Politik und Zeitgeschichte: Nord Korea

Politik und Zeitgeschichte dieses Landes sind bemerkenswert und eigenartig zugleich. Nach der japanischen Kapitulation wurde Korea in Süd und Nord Korea aufgeteilt. Diese ehemalige Kolonie Japans wurde danach von den Siegermächten in einen Nord- und Südsektor umgewandelt. Der Norden Koreas wurde von der Sowjetunion beherrscht, während der Süden des Landes unter Aufsicht der USA stand.

Nord Korea:
Spannungen nach dem Zweiten Weltkrieg

Nord Korea intensiver Personenkult

Nord Korea in der Politik und Zeitgeschichte: Personenkult und Kriege (c) Torsten Weidemann / pixelio.de

Die Bevormundung Nord Koreas führte in den kommenden Jahren zu Konflikten innerhalb der Bevölkerung, diese Unruhen wurden teilweise von Südkorea aus geschürt. Es gab Anschläge auf Kim II-sung und andere Kommunistenführer, die aber erfolglos blieben. 1946 war bezüglich Politik und Zeitgeschichte ein bedeutendes Jahr.
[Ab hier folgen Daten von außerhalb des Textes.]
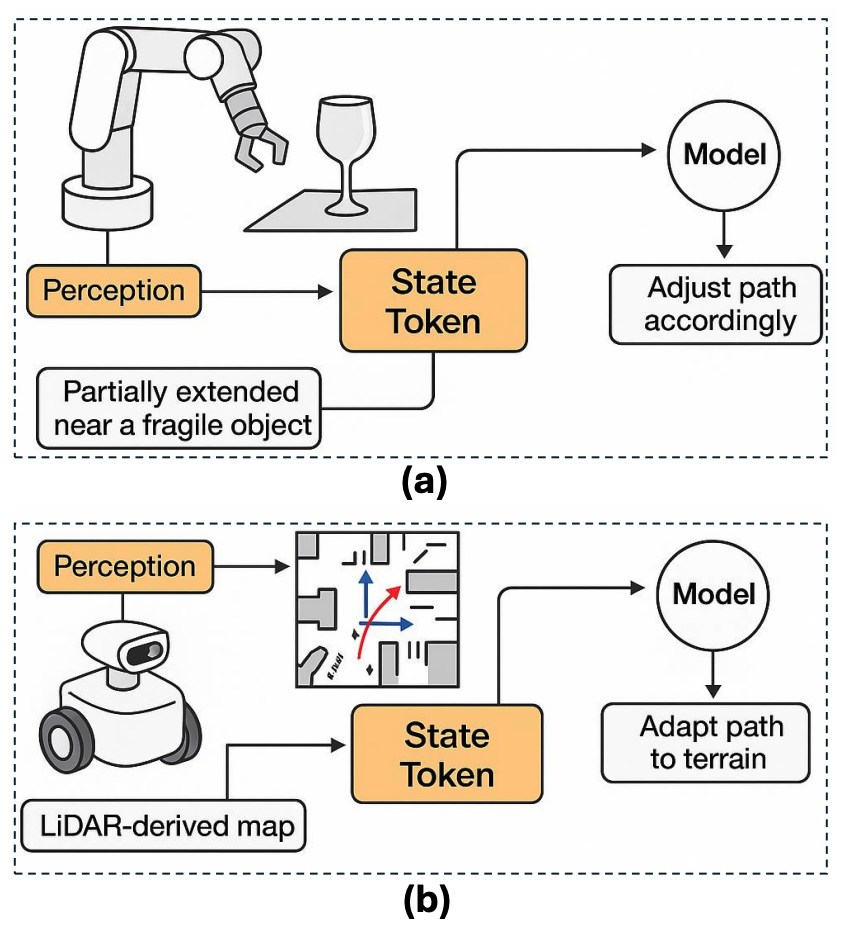 - 조작 시: 로봇 팔이 물체에 충돌할 위험이 있을 때, 상태 토큰이 현재 관절 각도, 그리퍼 위치 등의 정보를 제공. 모델은 이를 바탕으로 충돌을 예측하고 궤도를 수정하거나 힘을 조절함.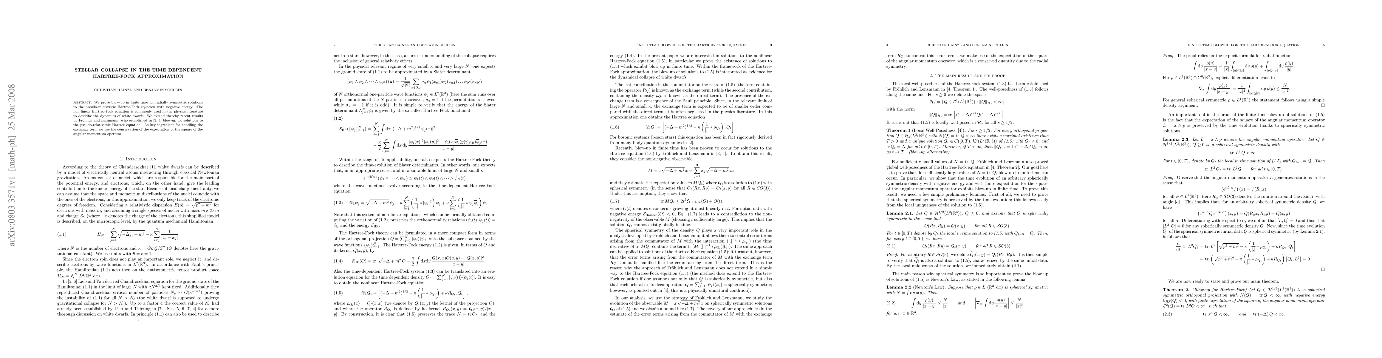 We prove blow-up in finite time for radially symmetric solutions to the pseudo-relativistic Hartree-Fock equation with negative energy. The non-linear Hartree-Fock equation is commonly used in the physics literature to describe the dynamics of white dwarfs. We extend thereby recent results by Fr\"ohlich and Lenzmann, who established in \cite{FL1,FL2} blow-up for solutions to the pseudo-relativistic Hartree equation. As key ingredient for handling the exchange term we use the conservation of the expectation of the square of the angular momentum operator.

Allmählich begann die strukturelle Umformung des Landes. Im Frühjahr desselben Jahres wurde eine Bodenreform durchgeführt, im Spätsommer begann die Verstaatlichung mehrerer Industriebetriebe.

Das ehemalige Kaiserreich zwischen Süd und Nord Korea

Im Jahre 1947 wurde eine neue Verfassung proklamiert und die Ausrufung eines eigenständigen Staates Nord Korea bekannt gegeben, einzigartig in der Politik und Zeitgeschichte von Nord Korea. Im selben Jahr wurde auch die Republik Korea in Seoul ausgerufen, dies hatte zur Folge dass beide Regime einander nicht anerkannten und sich als rechtmäßige Nachfolger der Kaiserreichs Korea ansahen.

Der Koreakrieg

1959 begann der Koreakrieg als Nord Koreanische Truppen die Grenze zur Republik Korea überschritten, mit dem Ziel der Integration Südkoreas in die Volksrepublik Korea. Mit Hilfe amerikanischer Truppen wurden die Invasionsarmee Nord Koreas wieder aus dem Süden des Landes zurück gedrängt. In den 1960er Jahren wurde Kim II Sung als unumschränkter Herrscher in sein Amt eingesetzt.

Nord Korea: Wirtschaftliche Entwicklung

Die wirtschaftliche Entwicklung von Nord Korea konnte nur mit der Hilfe der Sowjetunion und Chinas stattfinden. Nachdem Nord Korea mit der Sowjetunion brach wurde auch das Verhältnis zu Seoul agressiver, der gemäßigte Einfluss der Sowjetunion war nicht mehr vorhanden. Seit dieser Zeit gilt die Volksrepublik China noch als einziger Verbündeter von Nord Korea. 1972 rief Nord Korea eine neue Verfassung ins Leben und erklärte Kim IIsung zum Präsidenten.

Der Personenkult in Nord Korea

Es entstand ein Personenkult ohnegleichen und der ganze Familienclan herrscht unumschränkt in diesem Land. 1994 starb Kim IIsung, nach dreijähriger Trauer übernahm sein Sohn Kim Jong-il die Regierungsgeschäfte. Das Präsidentenamt bleibt unbesetzt, da Kim IIsung der ewige Präsident sei, aber auch keine Pläne existieren Demokratie heute oder in der näheren Zukunft zu verwirklichen. Die Politik und Zeitgeschichte dieses Staates ist angesichts der Armut der Bevölkerung eine Seltenheit. Auf der einen Seite Militärausgaben in Milliardenhöhe, auf der anderen Seite Probleme bezüglich Infrastruktur und Wirtschaft.